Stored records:
%%
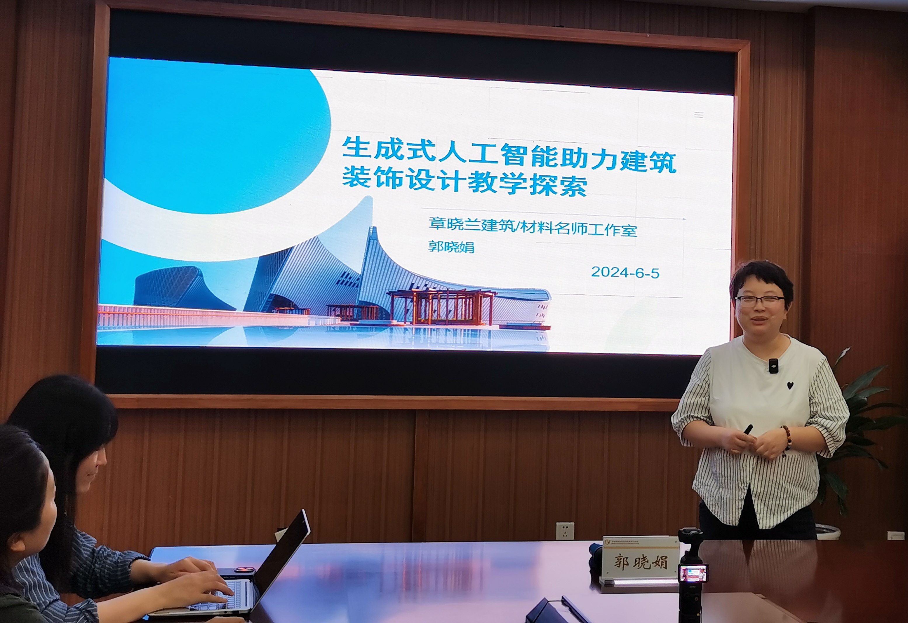 郭曉娟老師代表章曉蘭名師工作室,分享了《生成式人工智能助力建筑裝飾設計教學探索》的主題論壇。她聚焦于如何將生成式人工智能技術應用于建筑裝飾設計教學中,以AI人工智能相結合的方式提高學生的設計能力和創新思維。
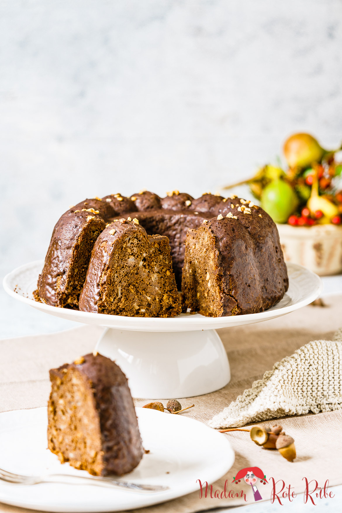 Madam Rote Rübe - Birnen-Dinkelvollkorn-Gugelhupf mit Schokolade und Mandeln
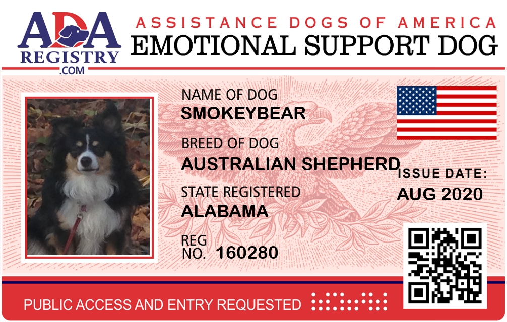 Emotional Support Dog Registration for SmokeyBear
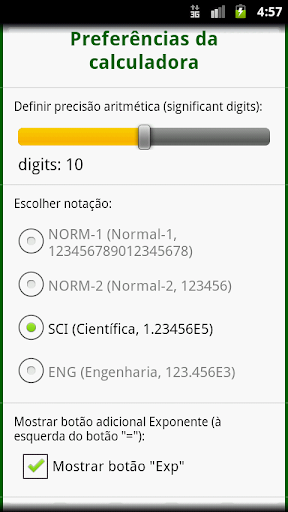* O arredondamento dos resultados é ajustável entre 5 e 15 dígitos. Notações disponíveis: Normal (NORMal), Científica (SCIentific) e Engenharia (ENGineering).
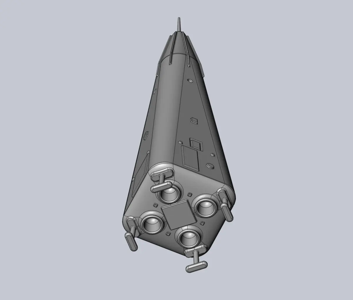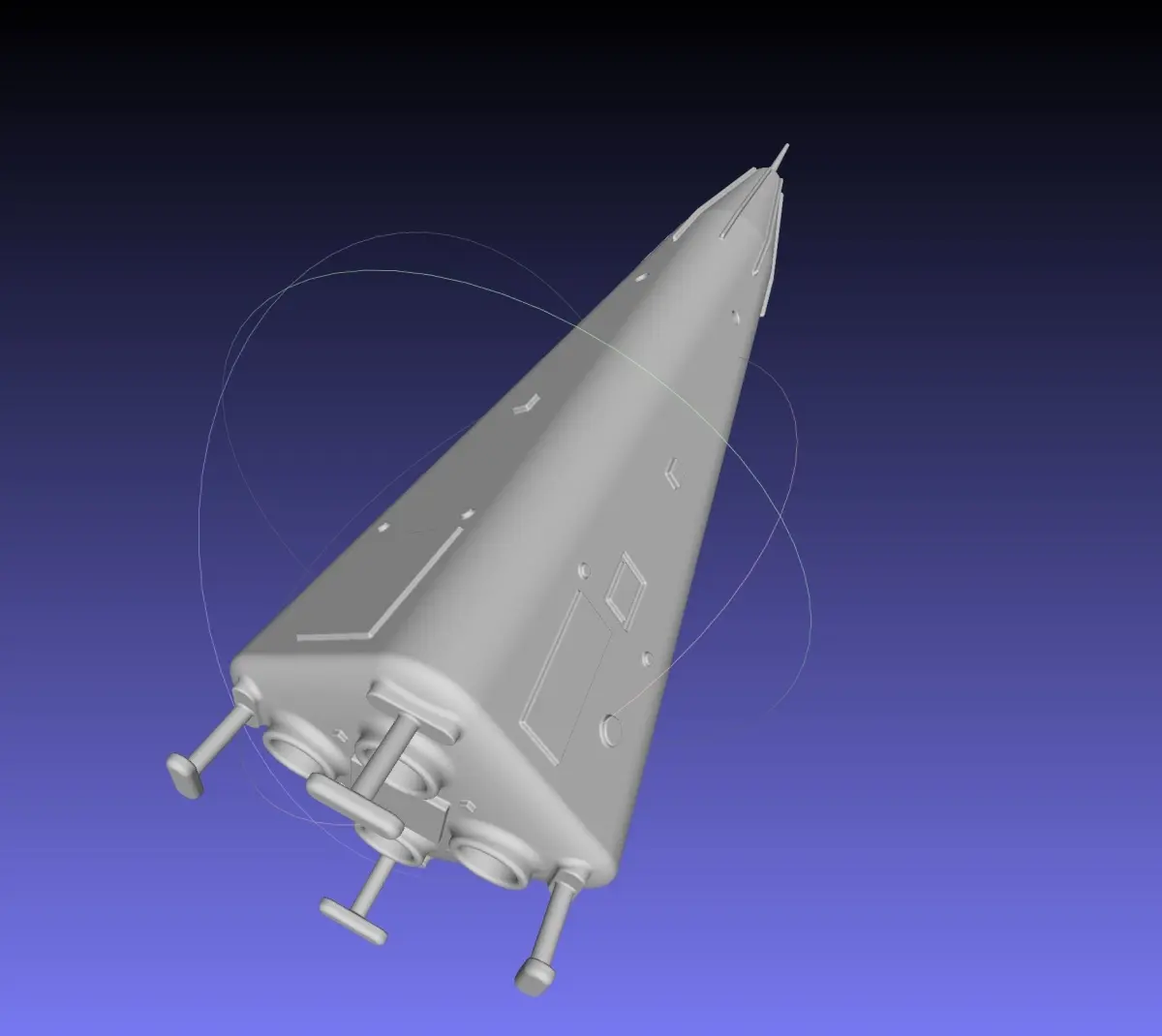 A model of the Delta Clipper Experimental or DC-X built by McDonnell Douglas as a test vehicle for a reusable SSTO concept - it's a vertical hovering and landing test vehicle comparable to the grasshopper Space X built to test the technologies for the Falcon 9 although the intended final version would have been a reusable SSTO rocketthe model is full scale but designed to be scaled down about 1/100 and printed easily
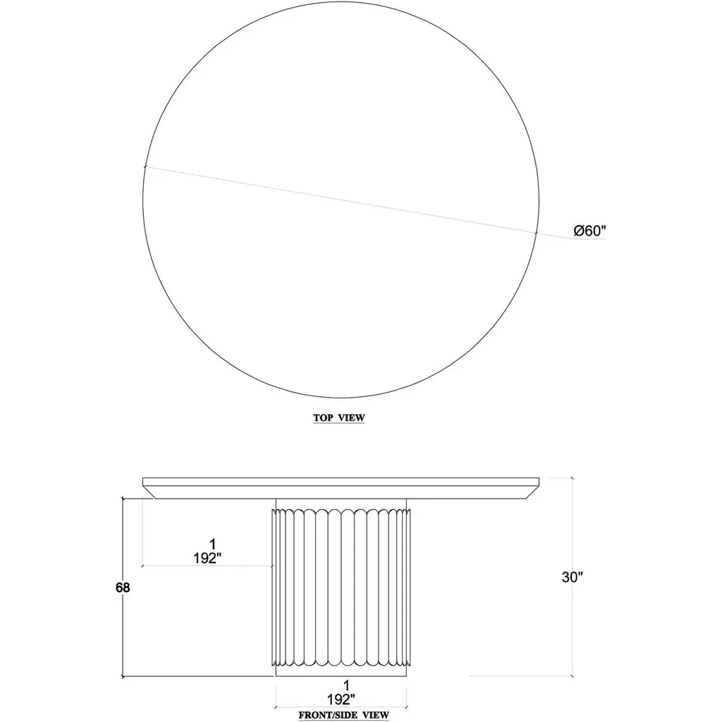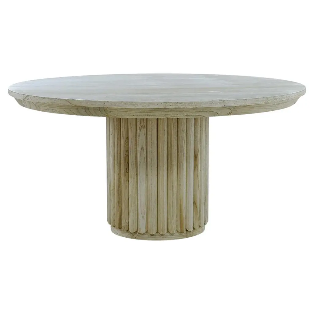 A perfect blend of contemporary design and elegant craftsmanship. Ideal for hosting family dinners and social gatherings, this table promises to be the centerpiece of your dining area.Made with solid mahogany, this table is finished in our Sandbar finish, adding a sophisticated, organic, natural touch to your interior.Raised on an unusual, robust reeded, and ribbed pedestal column, this table provides exceptional stability and visual interest, combining modern and classic elements seamlessly.Dimensions: 60" W x 60" D x 30" H
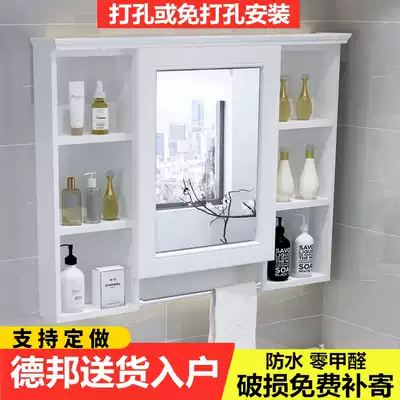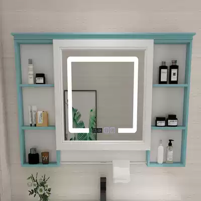 Carbon fiber bathroom mirror cabinet wall-mounted dressing room separate rack toilet mirror box storage storage cosmetic mirror
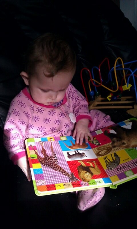 Så er hun begyndt og sige 'mam mam mam' (mad) og 'bar bar bar' (tror vi er far)
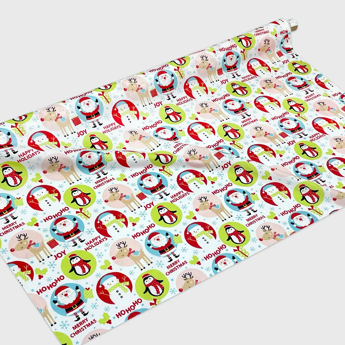 Tela Algodón Candy Navideño «Personajes del Polo Norte» 120 cm ancho, Perfecto para Bolsas de Regalo y Adornos para Niños – Rollo 30 m
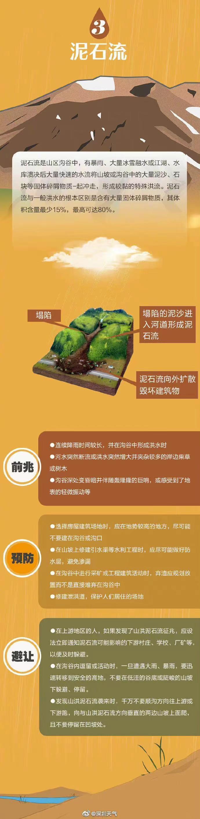 所以,深圳現(xiàn)已發(fā)布的地質(zhì)災(zāi)害氣象風(fēng)險(xiǎn)橙色預(yù)警,表示24小時(shí)內(nèi)地質(zhì)災(zāi)害發(fā)生的風(fēng)險(xiǎn)高。其中地質(zhì)災(zāi)害主要包括滑坡、崩塌和泥石流等。
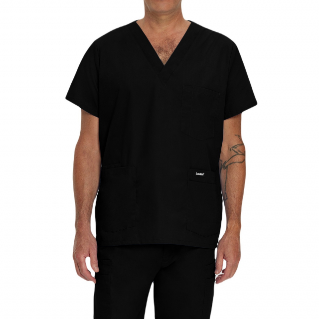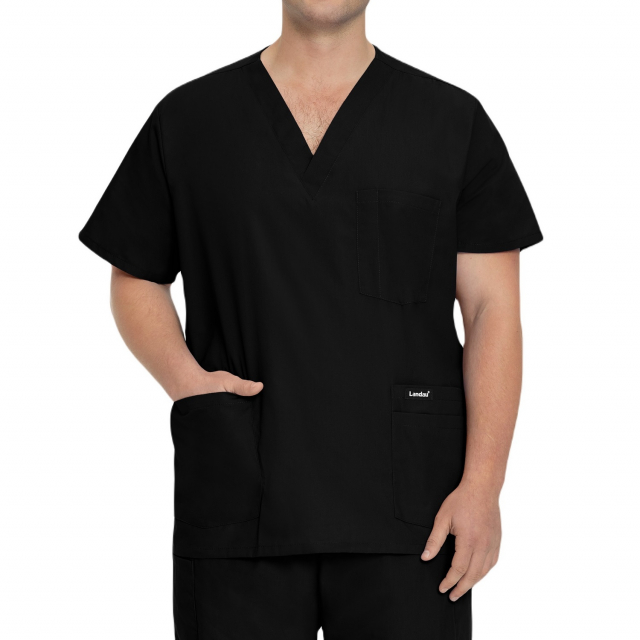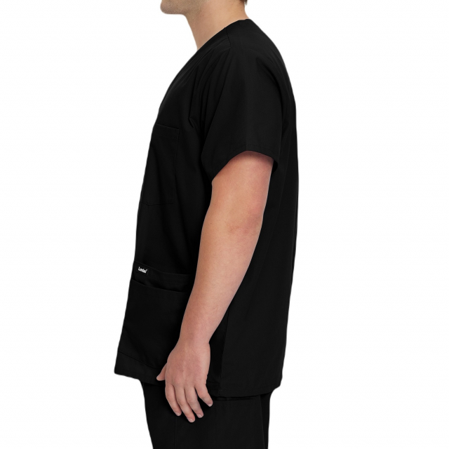 Landau, 7489-BKP-LGE, Essentials Black Men's 5-Pocket V-Neck Scrub Top, LGE
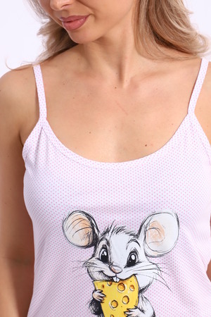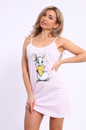 Красивая женская ночная сорочка из хлопка с печатью на лямках в двух цветах, горох розовый и горох голубой.
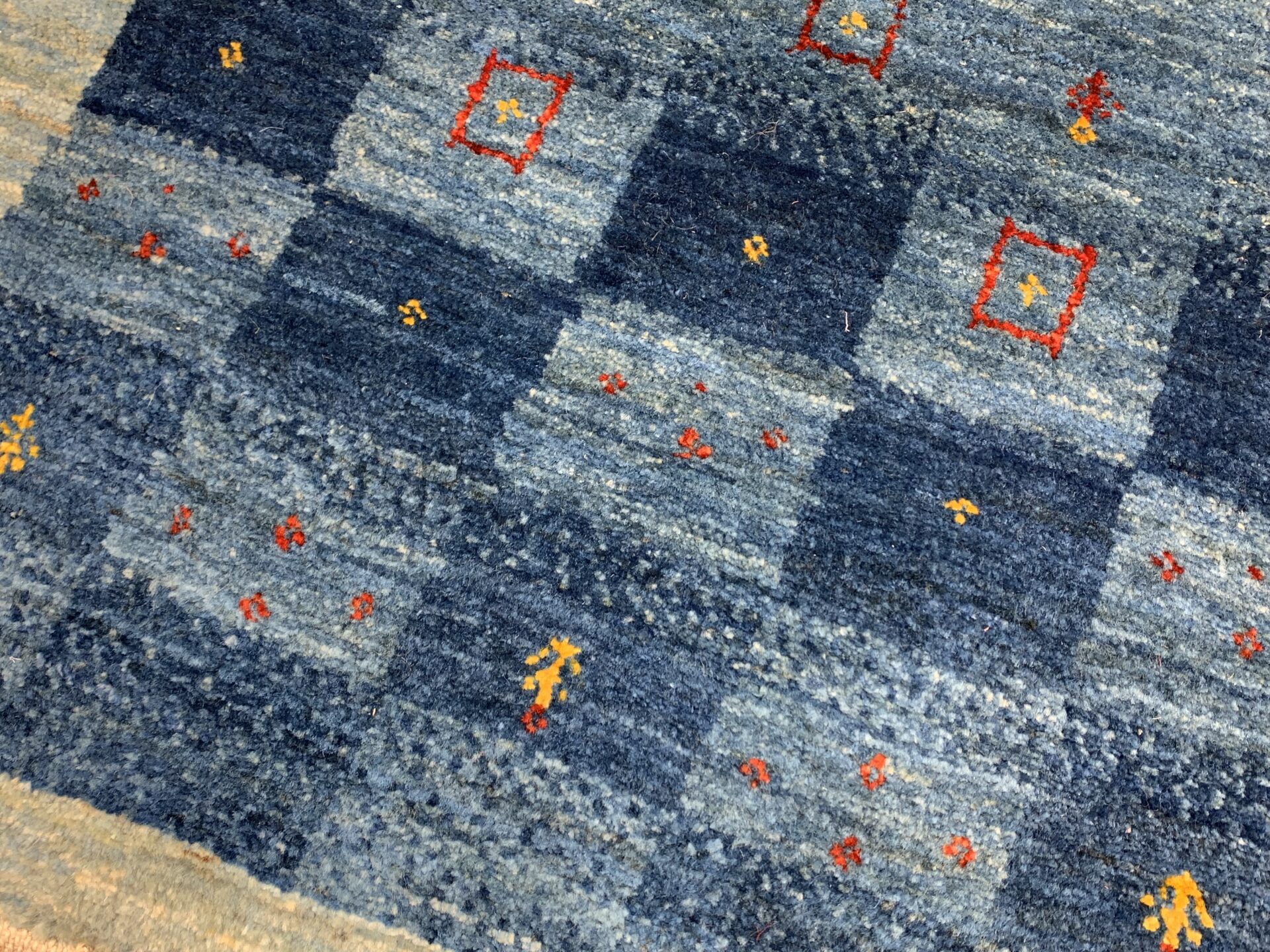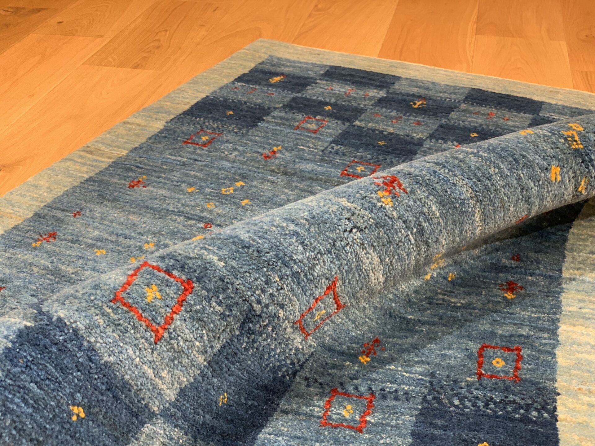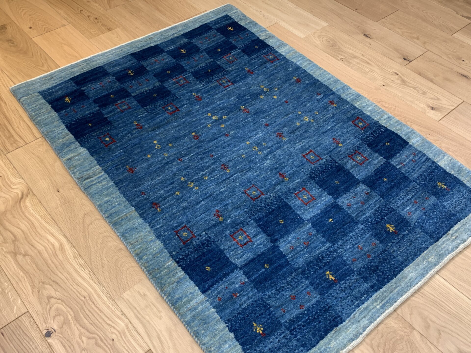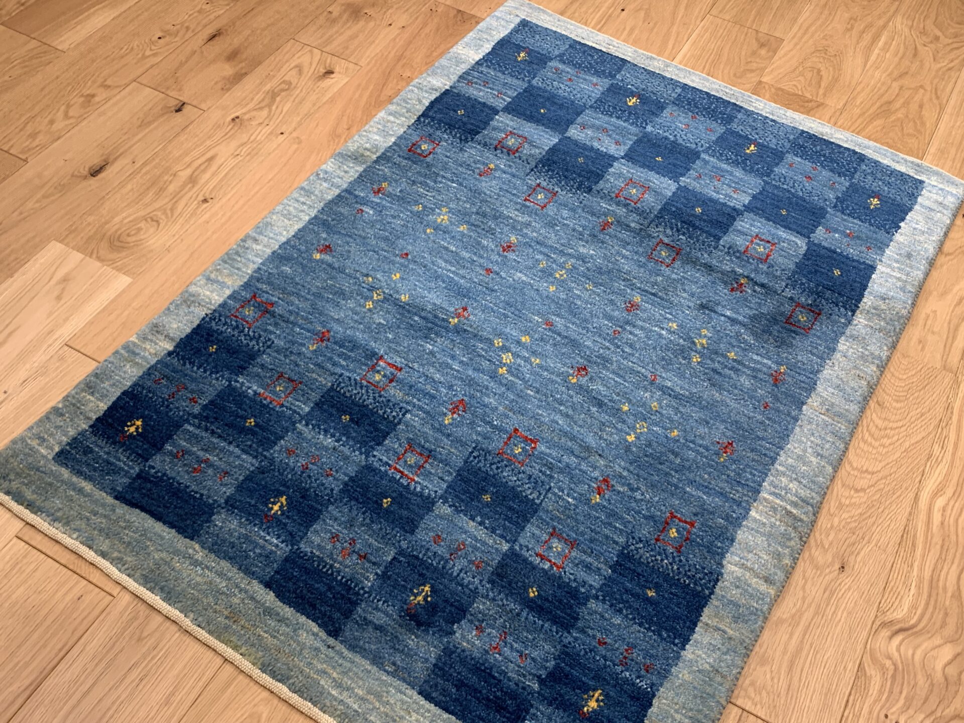 どことなく日本の藍染を思わせるような、和室にも合いそうなギャッベです。
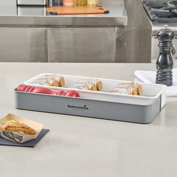 Optimize your kitchen storage with versatile spice organization. The Clean Tek Professional Gray and White Plastic Expandable 3-Tier Spice Drawer Organizer features an expandable design that adapts to accommodate various spice jar sizes. Its sleek gray color seamlessly complements modern kitchen aesthetics. This tiered spice organizer maximizes drawer storage space by utilizing its compact size, measuring 15.55 inches in length, 5.51 inches in width, and 2.17 inches in height, allowing you to efficiently manage your kitchen tools and spices. The tiered design prevents jars from rolling and ensures labels remain visible, enhancing your efficiency in busy foodservice settings. With non-slip feet, this spice jar holder stays securely in place. Suitable for drawers with a minimum height of 3.25 inches, this organizer fits various drawer dimensions, expanding up to 8.93 inches. Each order includes 1 organizer.
%%
Task requirements:
The records above need to be given again exactly. Omit the pictures.

Finished task:
 郭曉娟老師代表章曉蘭名師工作室,分享了《生成式人工智能助力建筑裝飾設計教學探索》的主題論壇。她聚焦于如何將生成式人工智能技術應用于建筑裝飾設計教學中,以AI人工智能相結合的方式提高學生的設計能力和創新思維。
 Madam Rote Rübe - Birnen-Dinkelvollkorn-Gugelhupf mit Schokolade und Mandeln
 Emotional Support Dog Registration for SmokeyBear
* O arredondamento dos resultados é ajustável entre 5 e 15 dígitos. Notações disponíveis: Normal (NORMal), Científica (SCIentific) e Engenharia (ENGineering).
 A model of the Delta Clipper Experimental or DC-X built by McDonnell Douglas as a test vehicle for a reusable SSTO concept - it's a vertical hovering and landing test vehicle comparable to the grasshopper Space X built to test the technologies for the Falcon 9 although the intended final version would have been a reusable SSTO rocketthe model is full scale but designed to be scaled down about 1/100 and printed easily
 A perfect blend of contemporary design and elegant craftsmanship. Ideal for hosting family dinners and social gatherings, this table promises to be the centerpiece of your dining area.Made with solid mahogany, this table is finished in our Sandbar finish, adding a sophisticated, organic, natural touch to your interior.Raised on an unusual, robust reeded, and ribbed pedestal column, this table provides exceptional stability and visual interest, combining modern and classic elements seamlessly.Dimensions: 60" W x 60" D x 30" H
 Carbon fiber bathroom mirror cabinet wall-mounted dressing room separate rack toilet mirror box storage storage cosmetic mirror
 Så er hun begyndt og sige 'mam mam mam' (mad) og 'bar bar bar' (tror vi er far)
 Tela Algodón Candy Navideño «Personajes del Polo Norte» 120 cm ancho, Perfecto para Bolsas de Regalo y Adornos para Niños – Rollo 30 m
 所以,深圳現(xiàn)已發(fā)布的地質(zhì)災(zāi)害氣象風(fēng)險(xiǎn)橙色預(yù)警,表示24小時(shí)內(nèi)地質(zhì)災(zāi)害發(fā)生的風(fēng)險(xiǎn)高。其中地質(zhì)災(zāi)害主要包括滑坡、崩塌和泥石流等。
 Landau, 7489-BKP-LGE, Essentials Black Men's 5-Pocket V-Neck Scrub Top, LGE
 Красивая женская ночная сорочка из хлопка с печатью на лямках в двух цветах, горох розовый и горох голубой.
 どことなく日本の藍染を思わせるような、和室にも合いそうなギャッベです。
 Optimize your kitchen storage with versatile spice organization. The Clean Tek Professional Gray and White Plastic Expandable 3-Tier Spice Drawer Organizer features an expandable design that adapts to accommodate various spice jar sizes. Its sleek gray color seamlessly complements modern kitchen aesthetics. This tiered spice organizer maximizes drawer storage space by utilizing its compact size, measuring 15.55 inches in length, 5.51 inches in width, and 2.17 inches in height, allowing you to efficiently manage your kitchen tools and spices. The tiered design prevents jars from rolling and ensures labels remain visible, enhancing your efficiency in busy foodservice settings. With non-slip feet, this spice jar holder stays securely in place. Suitable for drawers with a minimum height of 3.25 inches, this organizer fits various drawer dimensions, expanding up to 8.93 inches. Each order includes 1 organizer.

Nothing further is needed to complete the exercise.